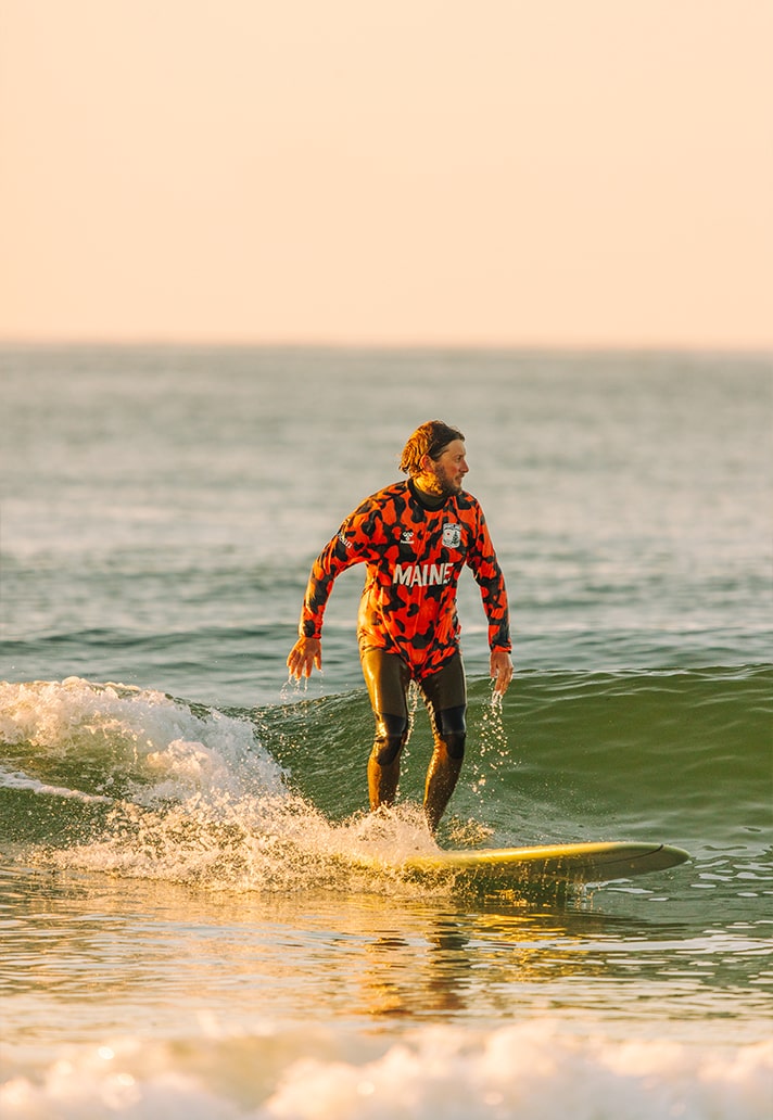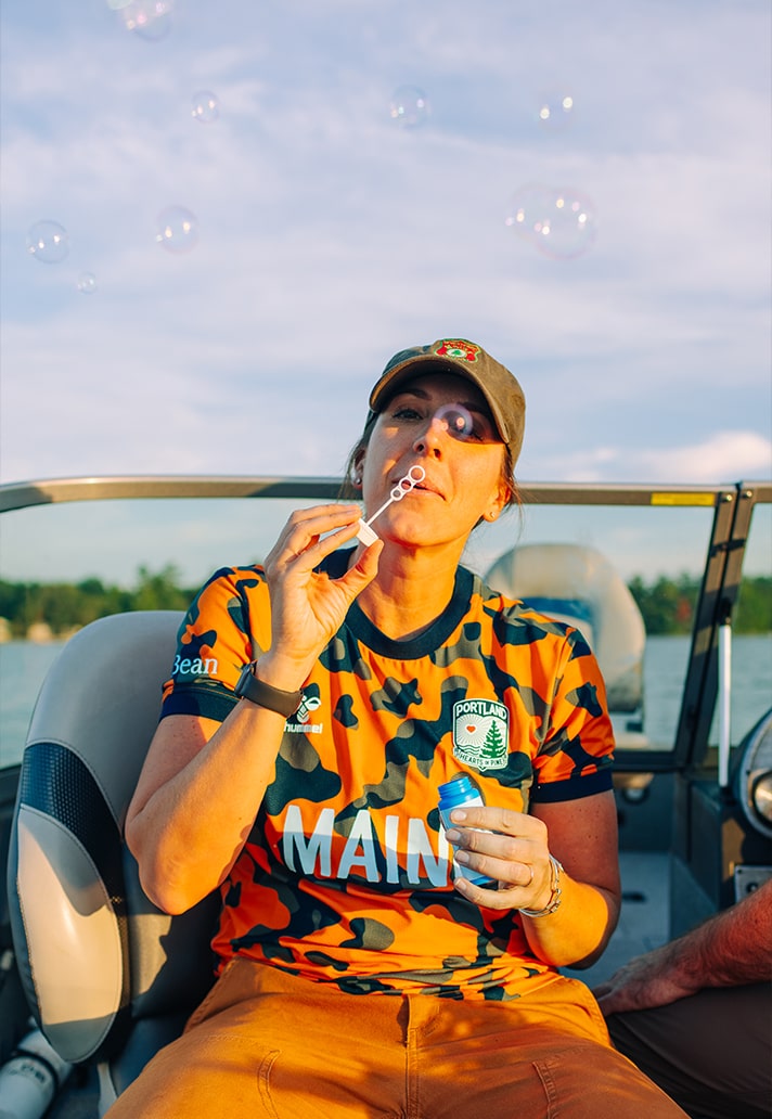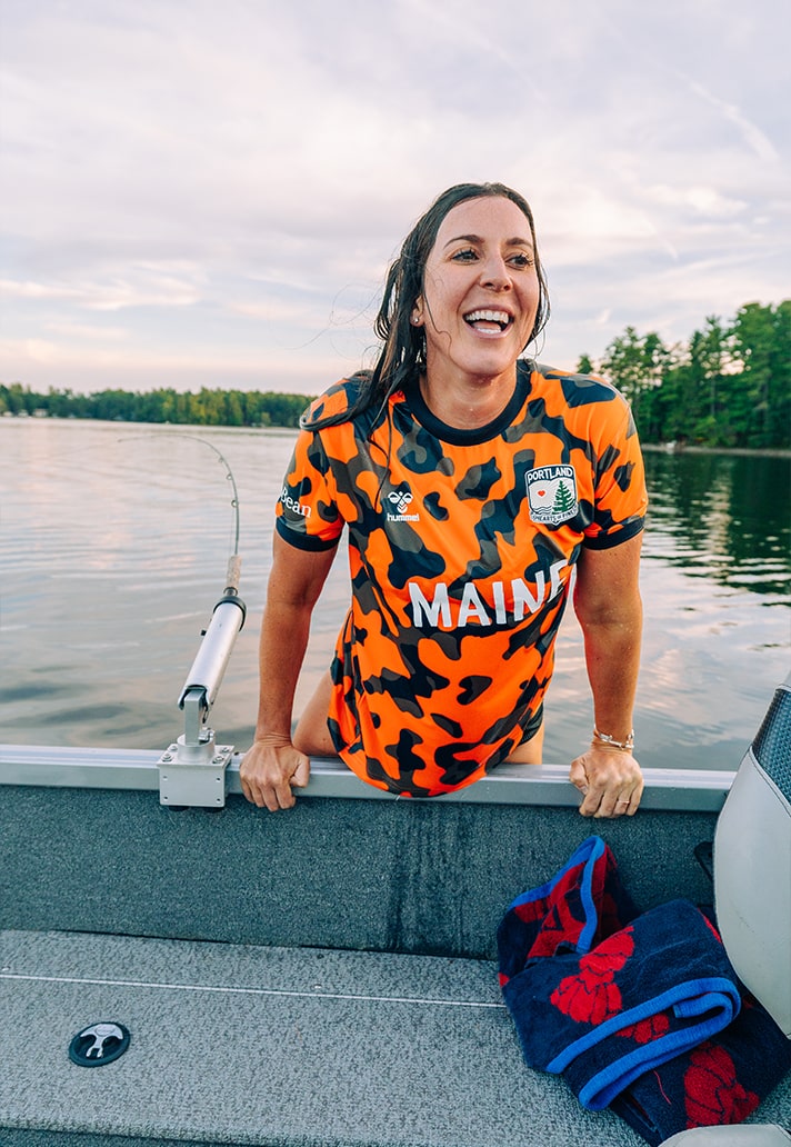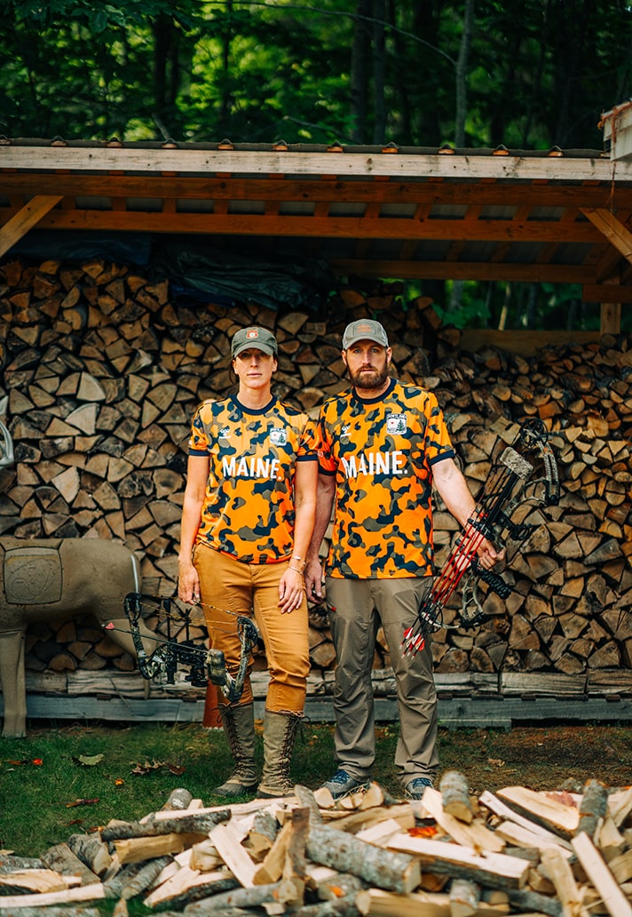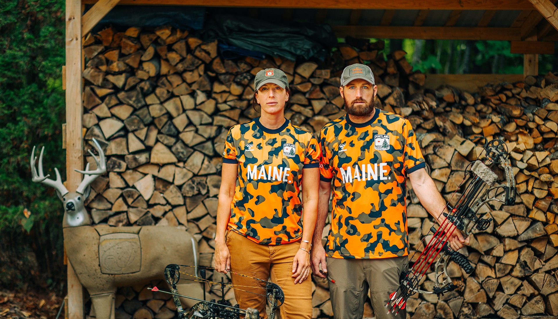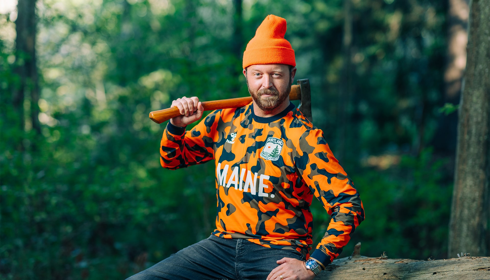 Where camouflage traditionally conceals, Hearts’ custom blaze-orange camo makes a statement. Hidden heart formations ripple through the pattern, a subtle nod to the club’s name and a reminder of its place in Maine’s fabric. At over 50% blaze orange, the shirt doesn’t just catch the eye—it actually meets outdoor safety standards. A football kit that works on forest floors, fashion runways, and Fitzpatrick Stadium? That’s a Maine original.
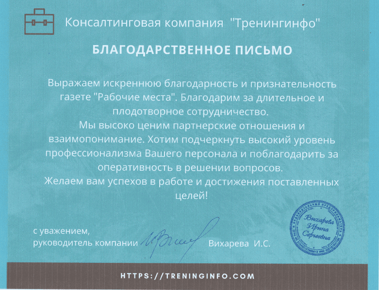 Хотим выразить искреннюю благодарность изданию газеты "Рабочие места" за высокий уровень сервиса и надлежащее качество работы, а также поставить высокую оценку менеджеру Ефремовой Надежде за профессиональный подход, консультации и решение спорных вопросов по размещению рекламы на Ваших страницах. Всегда активная, веселая и доброжелательная, приятно работать.
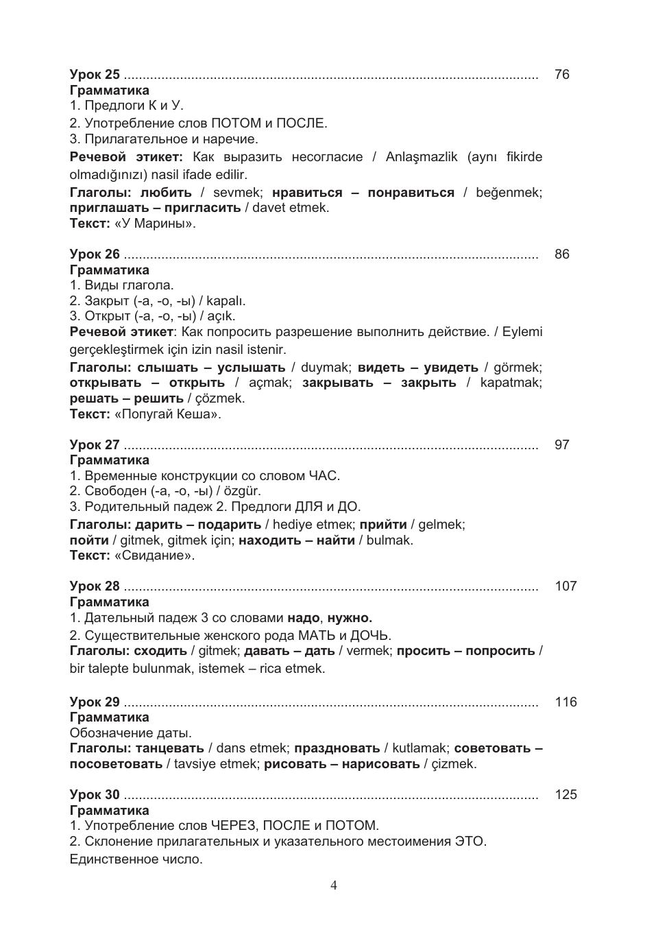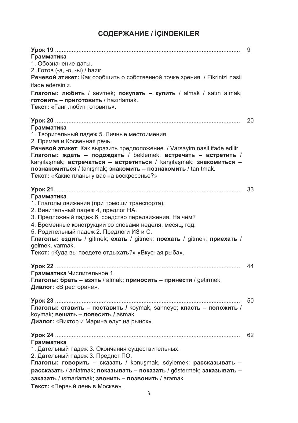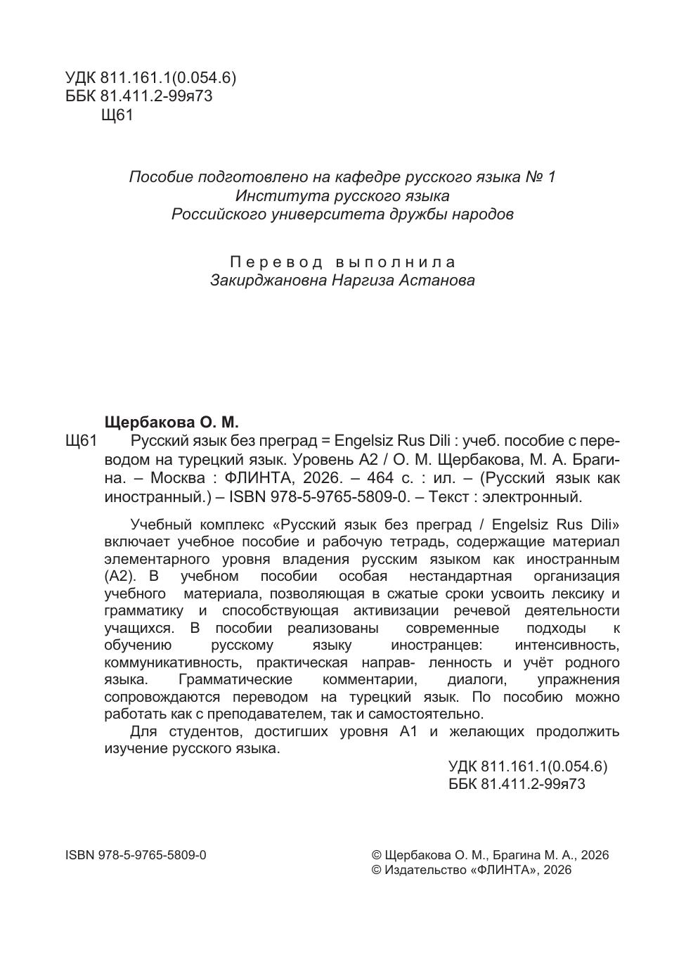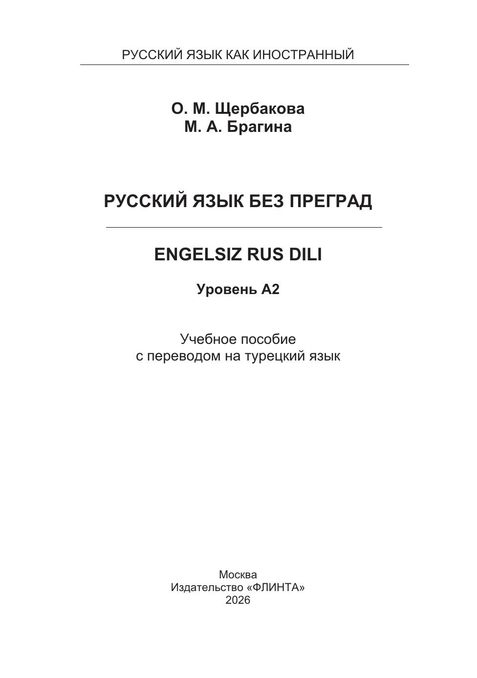 Учебный комплекс «Русский язык без преград / Engelsiz Rus Dili» включает учебное пособие и рабочую тетрадь, содержащие материал элементарного уровня владения русским языком как иностранным (А2). В учебном пособии особая нестандартная организация учебного материала, позволяющая в сжатые сроки усвоить лексику и грамматику и способствующая активизации речевой деятельности учащихся. В пособии реализованы современные подходы к обучению русскому языку иностранцев: интенсивность, коммуникативность, практическая направ- ленность и учёт родного языка. Грамматические комментарии, диалоги, упражнения сопровождаются переводом на турецкий язык. По пособию можно работать как с преподавателем, так и самостоятельно. Для студентов, достигших уровня А1 и желающих продолжить изучение русского языка.

□ □ □

## Work task
Give the listing again exactly, but omit each image.

## Solution below
 Where camouflage traditionally conceals, Hearts’ custom blaze-orange camo makes a statement. Hidden heart formations ripple through the pattern, a subtle nod to the club’s name and a reminder of its place in Maine’s fabric. At over 50% blaze orange, the shirt doesn’t just catch the eye—it actually meets outdoor safety standards. A football kit that works on forest floors, fashion runways, and Fitzpatrick Stadium? That’s a Maine original.
 Хотим выразить искреннюю благодарность изданию газеты "Рабочие места" за высокий уровень сервиса и надлежащее качество работы, а также поставить высокую оценку менеджеру Ефремовой Надежде за профессиональный подход, консультации и решение спорных вопросов по размещению рекламы на Ваших страницах. Всегда активная, веселая и доброжелательная, приятно работать.
 Учебный комплекс «Русский язык без преград / Engelsiz Rus Dili» включает учебное пособие и рабочую тетрадь, содержащие материал элементарного уровня владения русским языком как иностранным (А2). В учебном пособии особая нестандартная организация учебного материала, позволяющая в сжатые сроки усвоить лексику и грамматику и способствующая активизации речевой деятельности учащихся. В пособии реализованы современные подходы к обучению русскому языку иностранцев: интенсивность, коммуникативность, практическая направ- ленность и учёт родного языка. Грамматические комментарии, диалоги, упражнения сопровождаются переводом на турецкий язык. По пособию можно работать как с преподавателем, так и самостоятельно. Для студентов, достигших уровня А1 и желающих продолжить изучение русского языка.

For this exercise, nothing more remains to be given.